▶ [What needs to be done]:
Exact reproduction is required for the lines below starting at the line with "048(541)1327 ホームページ https://www.city.kounosu.saitama.jp" and ending at the line with "TE 产品编号532430-3 HDI PIN ASSY 2 ROW 40 POS", both included. No other lines, and no pictures.

○ ○ ○

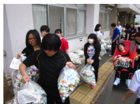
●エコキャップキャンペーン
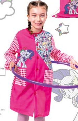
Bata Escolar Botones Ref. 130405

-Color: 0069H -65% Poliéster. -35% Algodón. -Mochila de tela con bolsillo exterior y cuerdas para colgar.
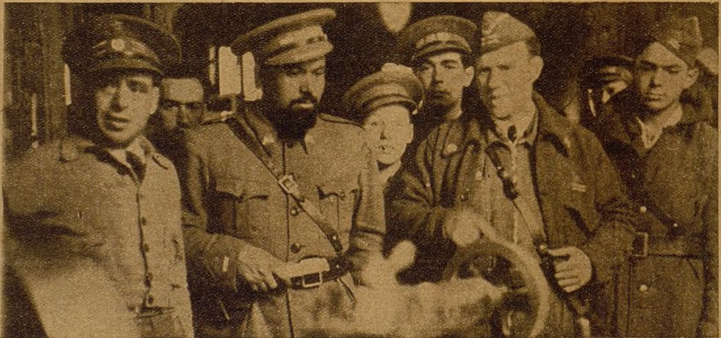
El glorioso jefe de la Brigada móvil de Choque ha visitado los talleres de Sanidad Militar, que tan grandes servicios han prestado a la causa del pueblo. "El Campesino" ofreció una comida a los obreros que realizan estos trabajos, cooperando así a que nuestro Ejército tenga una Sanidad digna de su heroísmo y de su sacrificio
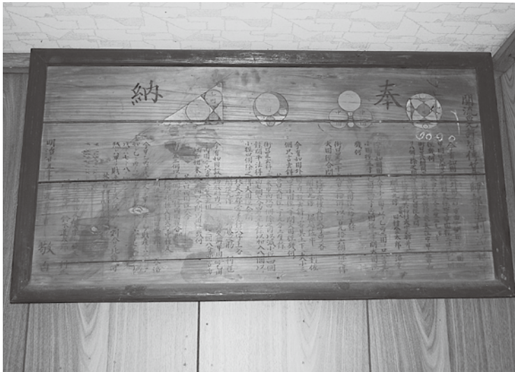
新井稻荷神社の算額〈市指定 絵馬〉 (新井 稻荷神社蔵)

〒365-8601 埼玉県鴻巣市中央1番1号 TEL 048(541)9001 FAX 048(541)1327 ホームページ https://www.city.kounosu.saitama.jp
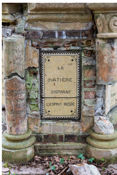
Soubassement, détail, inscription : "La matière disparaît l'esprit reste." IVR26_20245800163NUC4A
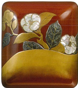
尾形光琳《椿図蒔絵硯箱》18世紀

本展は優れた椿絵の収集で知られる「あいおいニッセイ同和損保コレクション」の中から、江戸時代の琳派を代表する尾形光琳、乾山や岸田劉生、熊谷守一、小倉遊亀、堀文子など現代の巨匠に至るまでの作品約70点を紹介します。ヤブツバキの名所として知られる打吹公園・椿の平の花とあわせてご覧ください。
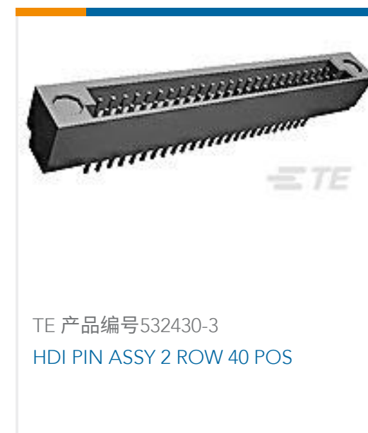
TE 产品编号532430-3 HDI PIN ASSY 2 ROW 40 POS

○ ○ ○

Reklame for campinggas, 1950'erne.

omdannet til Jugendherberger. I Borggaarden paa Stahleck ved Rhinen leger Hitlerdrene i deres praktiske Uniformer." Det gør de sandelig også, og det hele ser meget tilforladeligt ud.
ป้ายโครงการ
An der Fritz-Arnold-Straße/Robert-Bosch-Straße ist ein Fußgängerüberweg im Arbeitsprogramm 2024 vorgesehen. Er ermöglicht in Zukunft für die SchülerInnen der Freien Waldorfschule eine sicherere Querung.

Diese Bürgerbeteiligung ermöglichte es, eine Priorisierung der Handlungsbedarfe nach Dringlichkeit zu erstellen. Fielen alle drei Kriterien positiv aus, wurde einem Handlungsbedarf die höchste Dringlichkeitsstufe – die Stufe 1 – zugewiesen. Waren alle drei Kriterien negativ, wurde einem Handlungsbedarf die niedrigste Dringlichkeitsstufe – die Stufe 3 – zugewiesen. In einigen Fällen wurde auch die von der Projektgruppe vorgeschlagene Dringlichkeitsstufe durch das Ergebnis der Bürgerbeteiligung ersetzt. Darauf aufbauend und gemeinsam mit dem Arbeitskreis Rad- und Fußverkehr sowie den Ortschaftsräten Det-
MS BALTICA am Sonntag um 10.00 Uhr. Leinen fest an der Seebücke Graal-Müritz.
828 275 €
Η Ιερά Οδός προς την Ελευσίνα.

○ ○ ○

▶ [Task result]:
〒365-8601 埼玉県鴻巣市中央1番1号 TEL 048(541)9001 FAX 048(541)1327 ホームページ https://www.city.kounosu.saitama.jp
Soubassement, détail, inscription : "La matière disparaît l'esprit reste." IVR26_20245800163NUC4A
尾形光琳《椿図蒔絵硯箱》18世紀

本展は優れた椿絵の収集で知られる「あいおいニッセイ同和損保コレクション」の中から、江戸時代の琳派を代表する尾形光琳、乾山や岸田劉生、熊谷守一、小倉遊亀、堀文子など現代の巨匠に至るまでの作品約70点を紹介します。ヤブツバキの名所として知られる打吹公園・椿の平の花とあわせてご覧ください。
TE 产品编号532430-3 HDI PIN ASSY 2 ROW 40 POS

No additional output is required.